And Chris just tried introducing it again.   That's in reference to
the last sentence of your reply:

    I don't think that sublocal scopes is a recurring issue

How many times does it have to come up before "recurring" applies? ;-)
 I've seen it come up many times over ... well, literally decades by
now.


> ...
> While I started off with Python 1.5, I wasn't part of the discussions
> about nested scopes. But I'm astonished that you say that nested scopes
> were controversial. *Closures* I would completely believe, but mere
> lexical scoping? Astonishing.

But true.  Guido agonized over it for a long time.  Limiting to 3
scopes was a wholly deliberate design decision at the start, not just,
.e.g, due to lack of time to implement lexical scoping at the start.
And that shouldn't be surprising given Python's start as "somewhere
between a scripting language and C", and the many influences carried
over from Guido's time working on ABC's implementation team (ABC had
no lexical scoping either - nor, if I recall correctly, even textual
nesting of its flavor of functions).

I'm glad he tried it!  Everyone learned something from it.

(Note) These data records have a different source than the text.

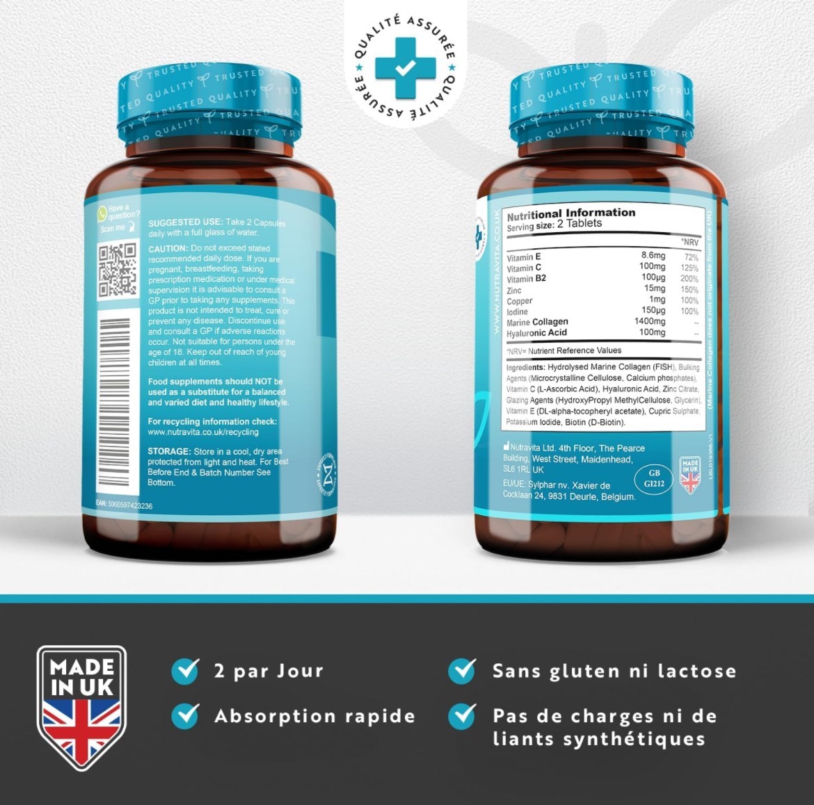 Notre formulation améliorée de collagène marin est mélangée avec de l’acide hyaluronique hydratant et des vitamines C & E qui contribuent à la formation normale de collagène pour un fonctionnement normal de la peau, des os, des vaisseaux sanguins et pour une protection normale des cellules contre le stress oxydatif (allégations étayées par l’EFSA).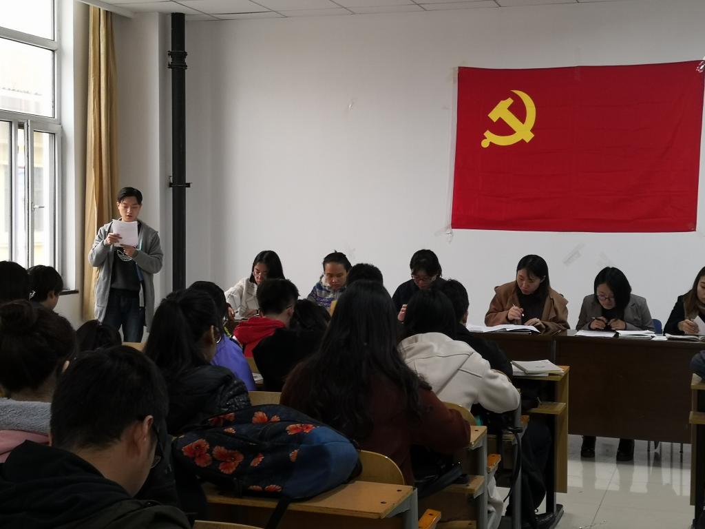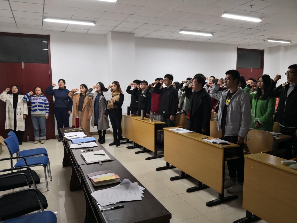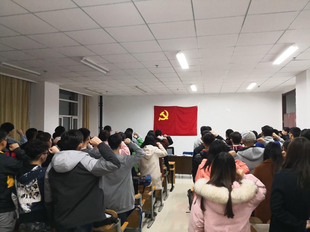 随后,全体党员同志面对党旗庄严宣誓,重温入党誓词,使灵魂又一次经受党的洗礼。最后,两位支部书记也分别进行了总结,向所有党员提出要求,强调要加强政治意识,加强政治理论学习以及综合素质的提升,严守党的纪律,时刻提高自己的党性修养,为成为一个正式党员而不懈努力,为党组织做出贡献。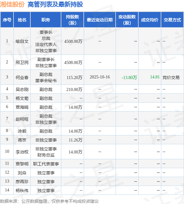 湘佳股份:10月16日高管何业春减持股份合计13.8万股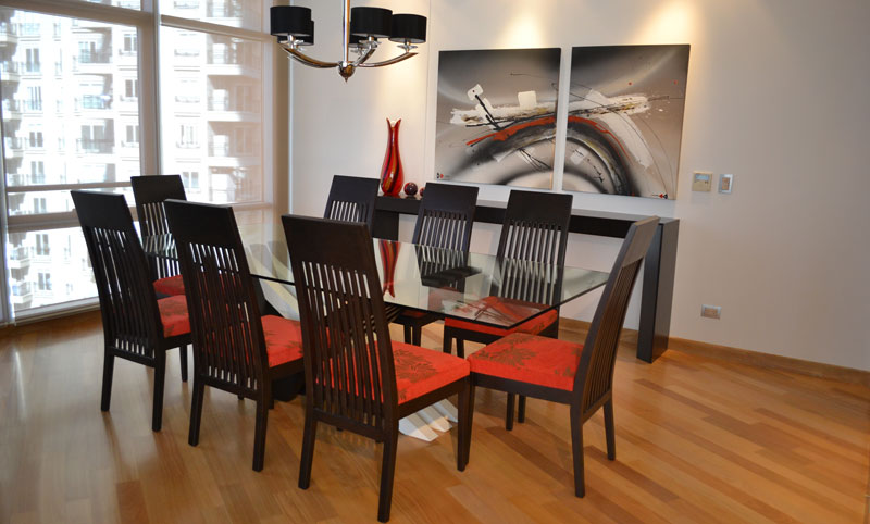 Elegante comedor con mesa a medida central acompañada de un juego de ocho sillas tapizadas en chenille muy confortables.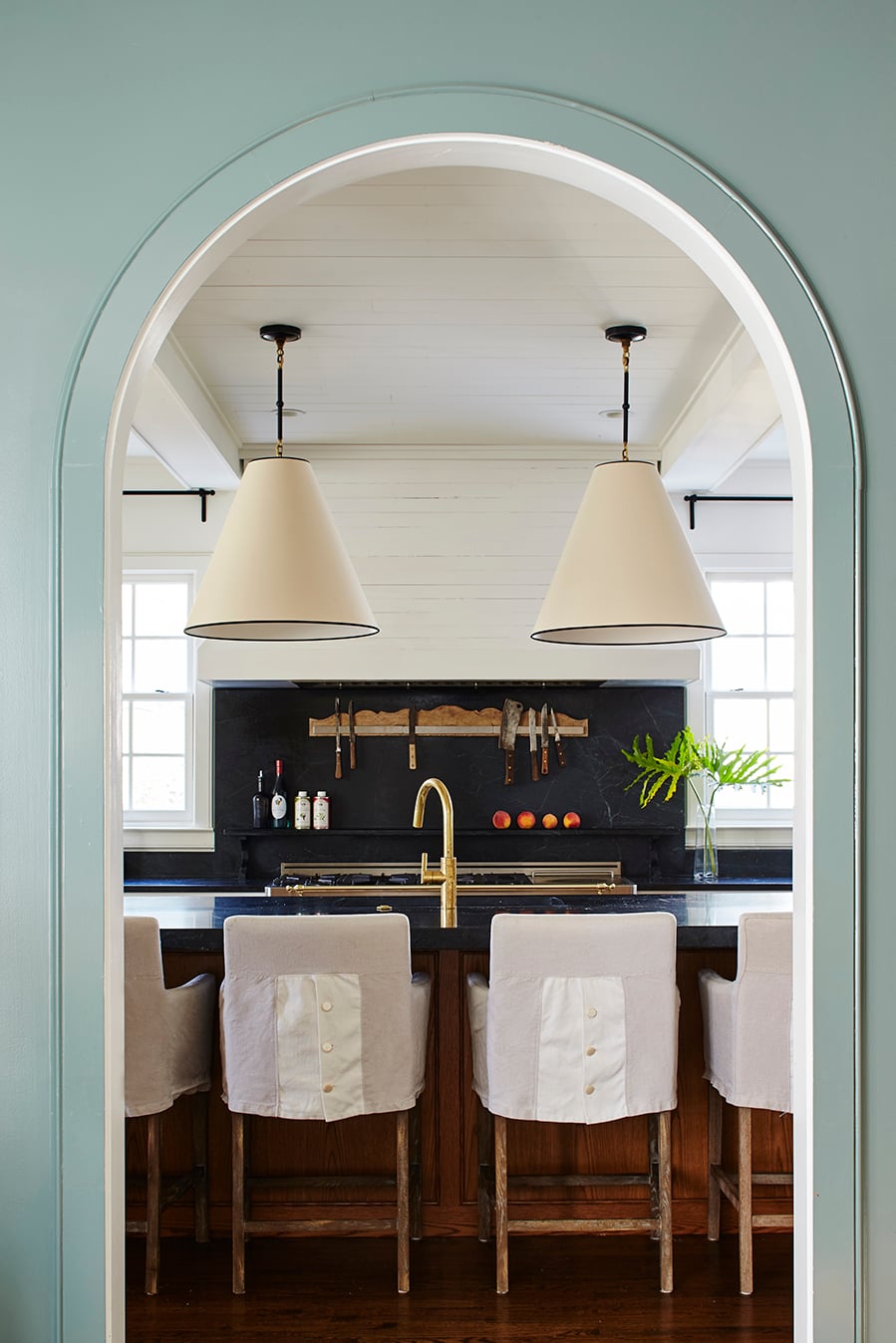 An old-world-style range by the Italian company Ilve features brass accents that are repeated on the faucet and cabinet pulls. “Barrett’s the cook in our house,” Gilbreath says. “I can scramble eggs, and that’s about it.” Soapstone countertops, maple wood on the island, and a shiplap ceiling add to the mélange of tones and textures.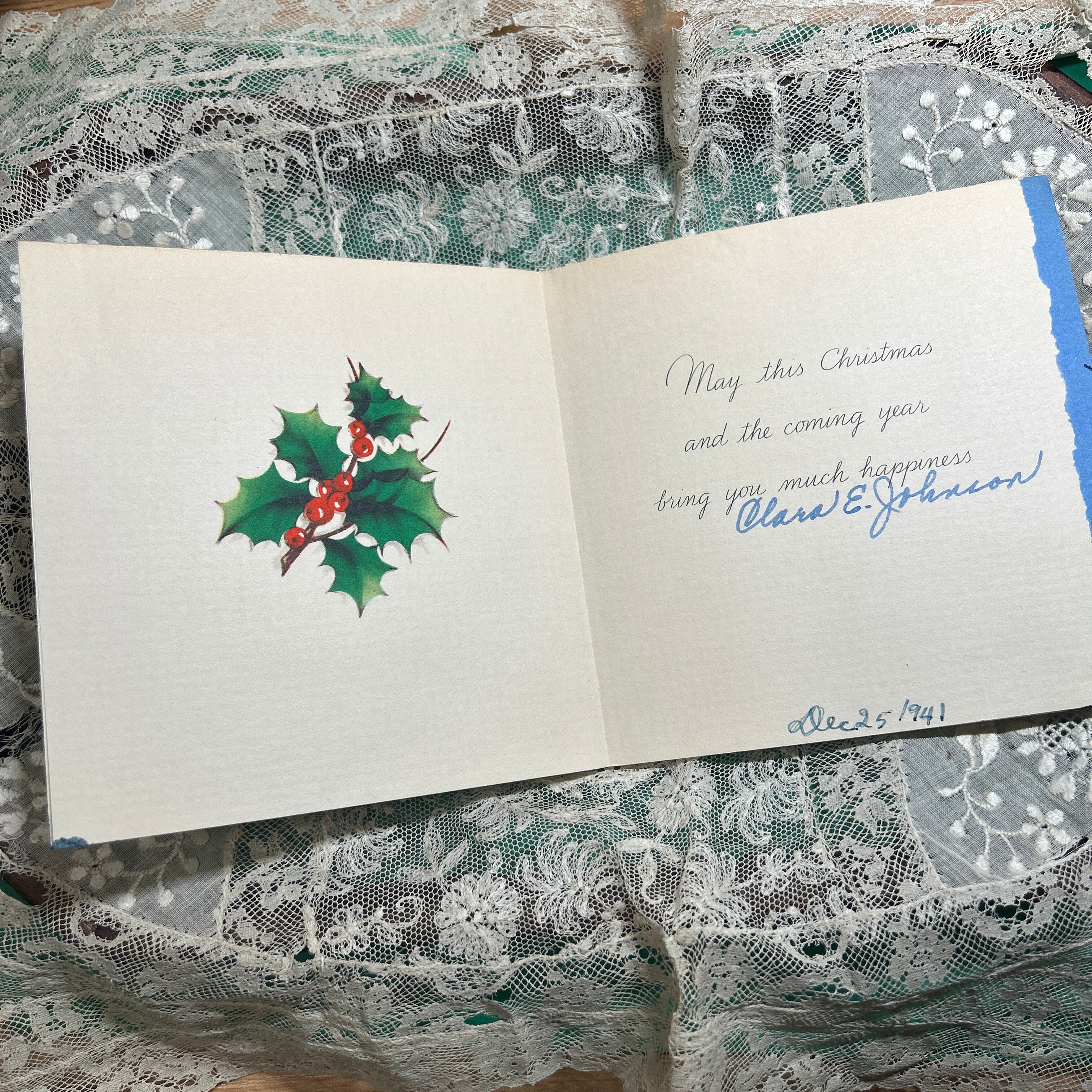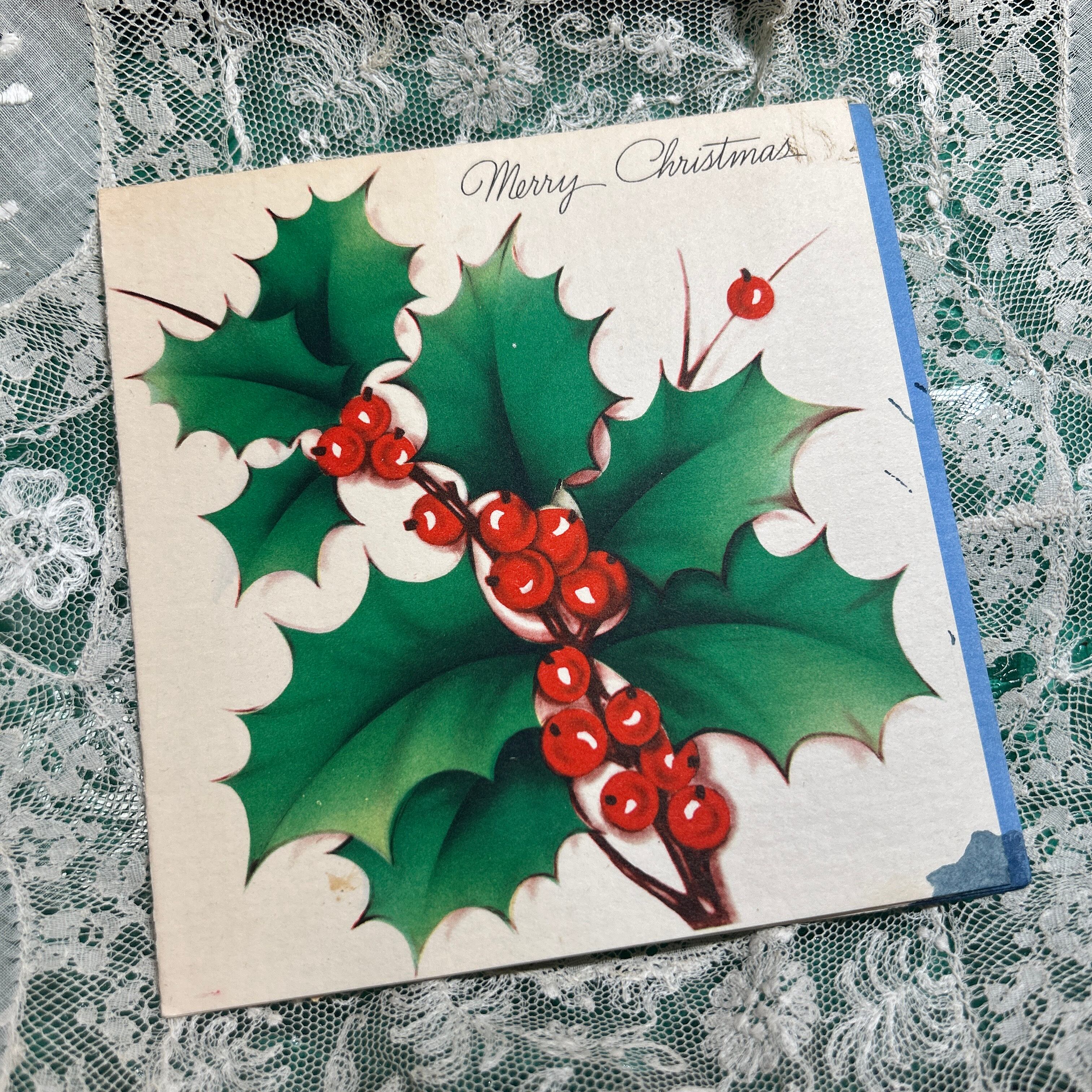 こちらは、ヒイラギが鮮やかに描かれたアンティークポストカードです。ヒイラギはクリスマスシーズンの象徴として長く愛されており、その赤い実ととげのある緑の葉は、家族や友人と過ごす特別な時間を彩るアイテムとして人気があります。ヨーロッパでは古代から邪悪なものを遠ざける力があると信じられ、家を守る植物としても用いられてきました。

> Even when I started, as a novice programmer who wouldn't have recognised
> the term "lexical scoping" if it fell on my head from a great height, I
> thought it was strange that inner functions couldn't see their
> surrounding function's variables. Nested scopes just seemed intuitively
> obvious: if a function sees the variables in the module surrounding it,
> then it should also see the variables in any function surrounding it.
>
> This behaviour in Python 1.5 made functions MUCH less useful:
>
>
> >>> def outer():
> ...     x = 1
> ...     def inner():
> ...             return x
> ...     return inner()
> ...
> >>> outer()
> Traceback (innermost last):
>   File "", line 1, in ?
>   File "", line 5, in outer
>   File "", line 4, in inner
> NameError: x
>
>
> I think it is fair to say that inner functions in Python 1.5 were
> crippled to the point of uselessness.

I don't think that's fair to say.  A great many functions are in fact
... functions ;-)  That is, they compute a result from the arguments
passed to them.  They don't need more than that, although being able
to access globals and builtins and import whatever they want from the
standard library made them perfectly capable of doing a whole lot more
than just staring at their arguments.

To this day, _most_ of the nested functions I write would have worked
fine under the original scoping rules, because that's all they need.
Many of the rest are recursive, but would also work fine if I passed
their names into them and rewrote the bits of code to do recursive
calls via the passed-in name.  But, yes, I am relieved I don't need to
do the latter anymore ;-)

... [snip similar things about closures] ...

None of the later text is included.